February 28th, 2009 No comments

I don’t know how many of you have seen the movie Star Wars. I have. I’ve seen it dozens of times, and all its sequels and the more recent prequels. You could fairly say I’m a Star Wars fanboy — and I’ve done what I could to make sure my kids are too.

I know the exact moment when I became a Star Wars fan. It was the first time I saw Star Wars, about 30 seconds into the movie.

If you’ve seen it, you remember the opening scene has this battle between two space ships. The first one goes roars overhead, then there’s a moment with these green laser blasts zipping through space, then the second ship goes by. And goes by. And goes by. And keeps going by.

(If you haven’t seen it, watch it on youtube.)

Where the first ship passed overhead in a moment, the second ship takes about 15 or 20 seconds to fly by, so you realize just how big it is.

The moviemaker is able, in the first minute, to give you an idea of the scale of his story.

There’s an equally cinematic moment in Ezekiel 37:

1 The hand of the Lord came upon me, and he brought me out by the spirit of the Lord and set me down in the middle of a valley; it was full of bones. He led me all around them; there were very many lying in the valley, and they were very dry. He said to me, “Mortal, can these bones live?” I answered, “O Lord God, you know.”

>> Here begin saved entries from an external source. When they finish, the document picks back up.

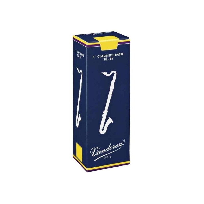 CAJA DE CAÑAS PARA CLARINETE BAJO.Serie tradicional. Caja azulNúmero 1 1/2.Caja de 5 unidades. Ref. CR1215Son las cañas más tocadas por los músicos profesionales, con una superioridad demostrada a lo largo de los años. Estas cañas convienen para todo tipo de música. Sus principales características acústicas son: una excelente respuesta en todos los registros, que incluso permite un ataque pianísimo de notas sobreagudas, la flexibilidad que permite la ejecución de grandes intervalos en legato y staccato, una riqueza de timbre que da cuerpo y brillo al sonido.
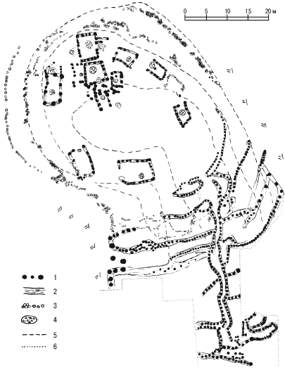Рис. 23.План укрепленной деревни. Старжиково Мале, Северная Польша (древняя Пруссия): 1 –ямы из-под деревянных столбов в стенах домов и ограды; 2 –стены и рвы; 3 –камни; 4 –очаги; 5 –линии высот; 6 –границы раскопов
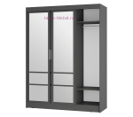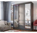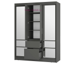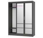 Шкаф-купе серого цвета с зеркальными створками и двумя выдвижными ящиками. Современный шкаф купе шириной 160 см с 3 отделениями внутри: два отсека со штангой для одежды по бокам и отсек с полками и двумя выдвижными ящиками в центре. Центральные створки шкафа распашные, две зеркальные двери - купе. Шкафы Симпл ШКК-06 выпускаются в двух цветах: графит и белый и подходят для любого современного интерьера.
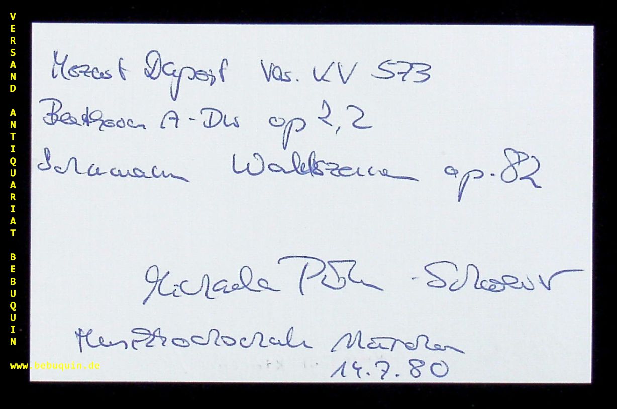PÜHN, Michaela (Pianistin): (hier Pühn-Schwerer) eigenhändig signierte und datierte Autogrammkarte. München (Herkulessaal), 14.7.1980. 8 x 12,5 cm. Karteikarte. Michaela Pühn wurde in Heidenheim an der Brenz geboren und begann im Alter von vier Jahren bei ihrer Mutter mit dem Klavierspiel.
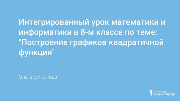 Представлен интегрированный урок математики и информатики по теме "Построение графиков квадратичной функции" в 8 классе. Урок проходит в компьютерном классе (12 компьютеров).
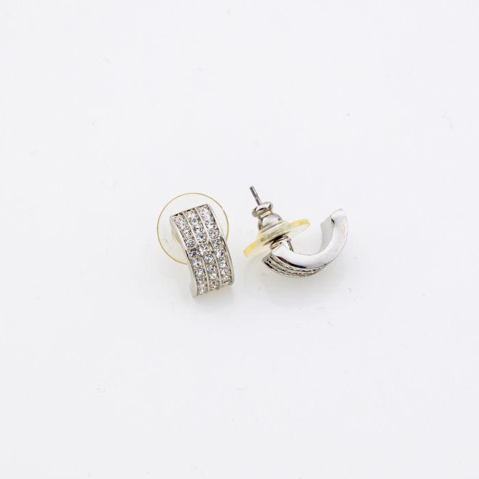 Σκουλαρίκια μεταλλικά ασημί κρικάκι τριπλό με στράς
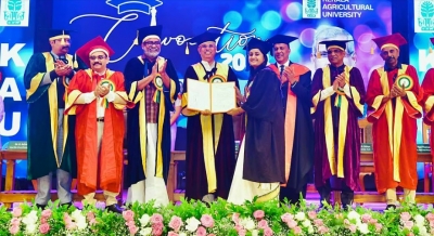 തൃശൂര്: ഭാരതാംബ വിവാദത്തിനിടെ മന്ത്രി പി പ്രസാദിനെ പുകഴ്ത്തി ഗവര്ണര് രാജേന്ദ്ര അര്ലേക്കറുടെ പ്രസംഗം. കേരള കാര്ഷിക സര്വകലാശാല ബിരുദദാന ചടങ്ങിലാണ് മന്ത്രിയെ പുകഴ്ത്തി ഗവര്ണര് സംസാരിച്ചത്. സുഹൃത്ത് എന്നാണ് മന്ത്രിയെ ഗവര്ണര് വിശേഷിപ്പിച്ചത്. മികച്ച ഒരു മന്ത്രിയാണ് പി പ്രസാദെന്നും ഗവര്ണര് പറഞ്ഞു. കാവിക്കൊടിയേന്തിയ ഭാരതാംബ ചിത്രം വിവാദമായതോടെ കാര്ഷിക സര്വകലാശാല ബിരുദദാന ചടങ്ങിലും പ്രതിഷേധങ്ങളുണ്ടാകുമെന്ന് പ്രചാരണങ്ങളുണ്ടായിരുന്നു.
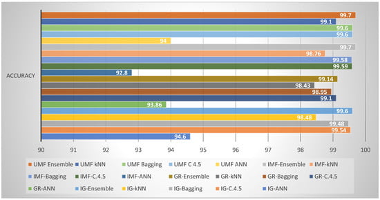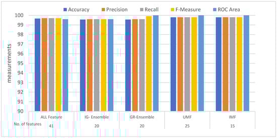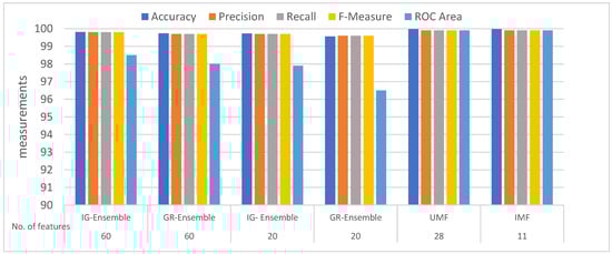 Based on the obtained results of these experiments summarized in the tables and figures above, accuracy performance increased via reducing feature dimensionality using IMF-Ensemble and UMF-Ensemble as compared to using only the classification via the IG or GR approach. Furthermore, independent (individual) classifiers achieved better classification accuracy using optimum top-ranked features (IMF, UMF) compared to features selection obtained by the IG and GR approaches. For instance, the Bagging classifier achieved the highest accuracy (%99.91) by using the UMF approach (28 optimum top-ranked features) compared to the various numbers of selected features. In the ANN classifier, the accuracy classification fluctuates up and down by applying various feature selection approaches. There is a noticeable increase in the accuracy performance of the ensemble classifier when compared to individual classifiers. In terms of selected features, a small number of relevant features are not required to achieve the higher accuracy whereas many relevant features do not assure that a lower classification accuracy will result.
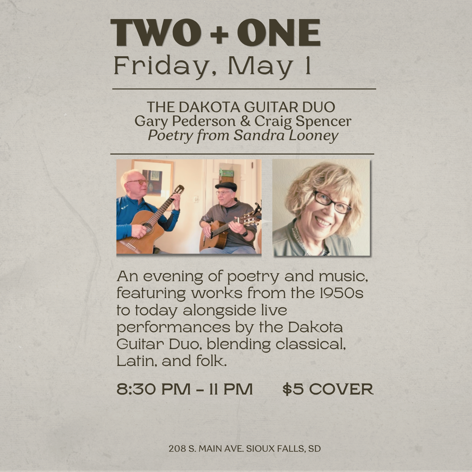 An evening of poetry and music, pairing the Dakota Guitar Duo with readings from Sandra Looney. Classical, Latin, and folk woven with poetry spanning decades, set in an intimate, listening-forward room.
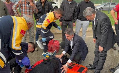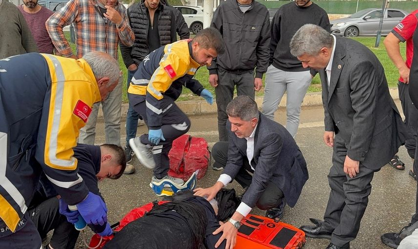 Adıyaman'da otomobilin çarptığı yaşlı kadın, o sırada bölgede bulunan TBMM Bebek Ölümlerini ve Özel Sağlık Kuruluşlarını Araştırma Komisyonu Başkanı ve AK Parti Adıyaman Milletvekili Doç. Dr. İshak Şan'ın (sağ 2) ilk müdahalesinin ardından hastaneye kaldırıldı.

A valley full of dry bones! Close your eyes and take a moment to picture it.

What is it that God is revealing here? What does Ezekiel’s vision mean, that these dry bones were restored to life?

Whatever else it may mean, it says something about the scale God operates on. It says God is bigger than our problems. God is bigger than our imaginations.

It’s helpful to remember that.

Some days I wonder how things will turn out with our church. I think it’s possible for us to turn things around financially. I have a vision of a church that is making an impact in people’s lives — here in our community, but also among our own members. I believe that. But there are days when I’m discouraged.

That goes double for the broader problems in our society. I don’t believe the troubles with our economy will be our undoing, nor the war on terror. I believe our society can still address problems with education and health care and the disintegration of the family.

This season of Lent is a time for us to remember what a sorry situation we are in. It’s a time for us to consider how pervasive sin and its effects are in the world. It’s a time to see just how much the world resembles a valley full of dry bones.

Easter is coming, but it’s not here yet. While we wait for it to arrive, we can cling to our hope in God. Because our problems are real, and serious, and very, very big. But God is bigger still.